With the exploding consumerisation of IT and bring-your-own-device (BYOD) trends, end users want the same ease of use at the office as they do in their daily lives when they interact with technology. They are used to downloading apps instantly, the ease of e-commerce, online bill pay, for instance, and the seamlessness of being more productive right away.
Could implementing the same services in the enterprise that users have come to know and love in their personal lives create a more productive employee? Attract tech savvy talent? Or give a sense of user empowerment and freedom? Absolutely. But enterprises must have the correct processes and controls in place to accommodate this new found freedom. And it starts with the App Store.
Enterprise App Store Essentials: Identifying Need
When changing the focus from a consumer oriented App Store to an enterprise App Store, organisations must address unique challenges around policies and security. Making applications available in an enterprise self-service model requires careful consideration and planning around visibility, approval, and licensing requirements - the three fundamentals for deploying enterprise AppStores.
Visibility requirements often arise around the needs of the business unit, role-based permissions, or even export compliance rules. Developing an appropriate structure within the App Store to control what apps a user can request ensures that users gets what they are looking for while the enterprise maintains administrative control.
The goal of the consumer-orientated AppStore is to expose users to as many products as possible. Individuals are encouraged to buy as much as they can, and upgrade to “premium” versions over “standard”. In contrast, Enterprise AppStores require controls. For instance, giving employees the choice between standard, professional, and premium versions without consideration to their business needs and feature requirement is a recipe for unnecessarily high licence costs. Users are naturally inclined to choose more bells and whistles over less, regardless of whether they’re actually required - “I want premium I need premium” is often cited.
Users cannot reasonably be responsible for understanding and researching the differences between feature sets of different software editions and applying those differences to their actual needs. This filtering process must be handled at the administrative level.

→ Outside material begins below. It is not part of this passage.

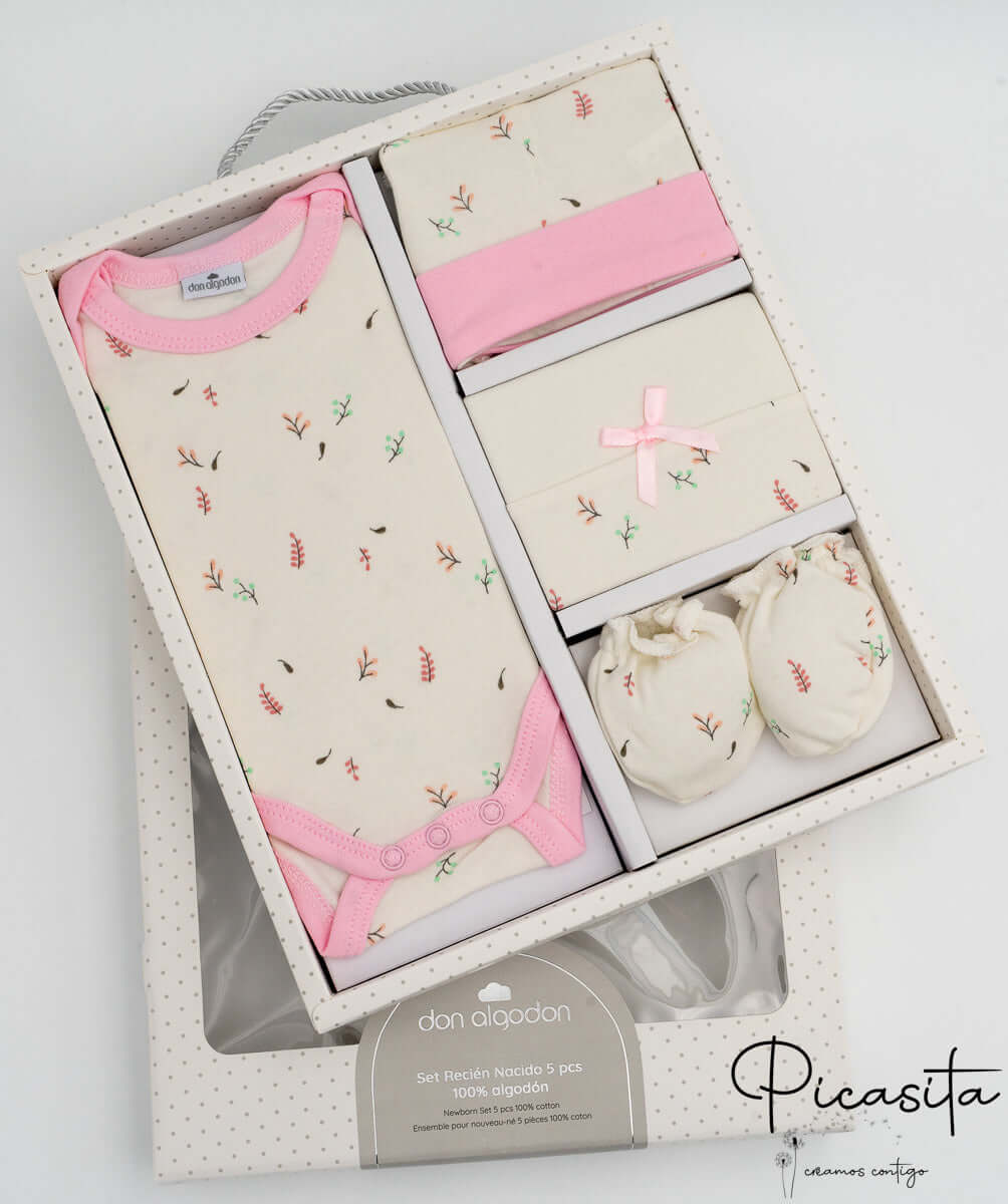 This complete 5-piece newborn set includes a long-sleeve bodysuit, a hat, a bib with a bow, scratch mittens, and a soft swaddle, all presented in a beautiful Don Algodon gift box.

Enterprises can only then make available a filtered catalogue of apps that meets actual business requirements - no more, no less.

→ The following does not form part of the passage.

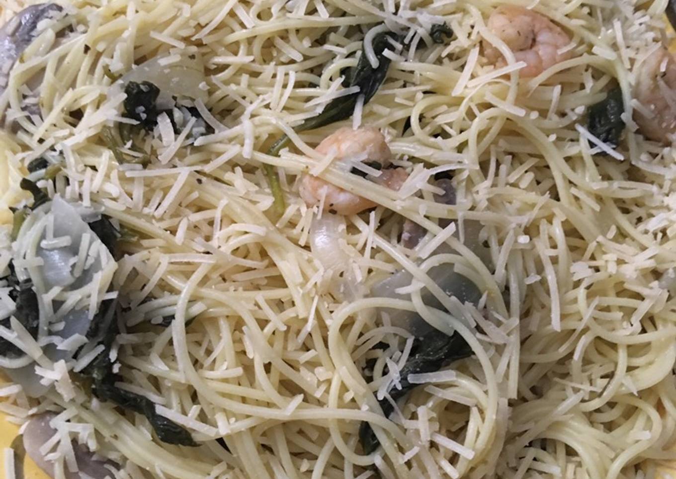 - Notes- the garlic is the heart of the dish., the more the better. You can take the shrimp out or can substituted it for Scallops. I know the ingredients looks like a lot especially the bag of spinach but that cooks down and fast, can also substitute that with kale. Can also add slices of tomato’s, just add the tomatoes slices on top of the spinach, it will also help hold down the spinach as it cooks down.

There will always be unique requests that cannot be anticipated, however. Should the need arise for deviating from a standard offering, the organisations should have means and processes in place for identifying the non-conforming business case.
This can be done intelligently via an App Store capable of generating questions relating to the differences between software editions, and recommending the editions that best suit the needs.
Once the system determines that an application is available, it must then evaluate approval conditions. While this is often done manually by the business owner (manager, cost centre owner, etc.) certain applications may need further review by security teams and application owners to ensure that there is a business case and that use rights are valid.
When cost is a consideration in determining approval, careful review of the application’s intended use must match its functional specifications. Moreover, there are frequently other technical considerations.
Too often, approvals are “rubber stamped” simply because a user requested an application and there is budget for it. While a manager may approve the request from a financial position, he or she may not have the necessary technical expertise or the understanding of software licensing and entitlements to make an informed approval decision.
One solution is to ensure that the enterprise App Store has functionality allowing an app owner to review user requests, in addition to the manager. Enabling the individual(s) with expertise in a specific app to be involved in the process allows IT to match the right app based on a user’s need. An app owner can review the need, accept the request as valid, or offer an alternative app that is more suited to the user’s business requirements.
Once the manager has approved the request from a cost perspective and the app owner from a business need standpoint, the final step is to ensure that the licensing being issued is in compliance with the enterprise’s software licence agreement and entitlements.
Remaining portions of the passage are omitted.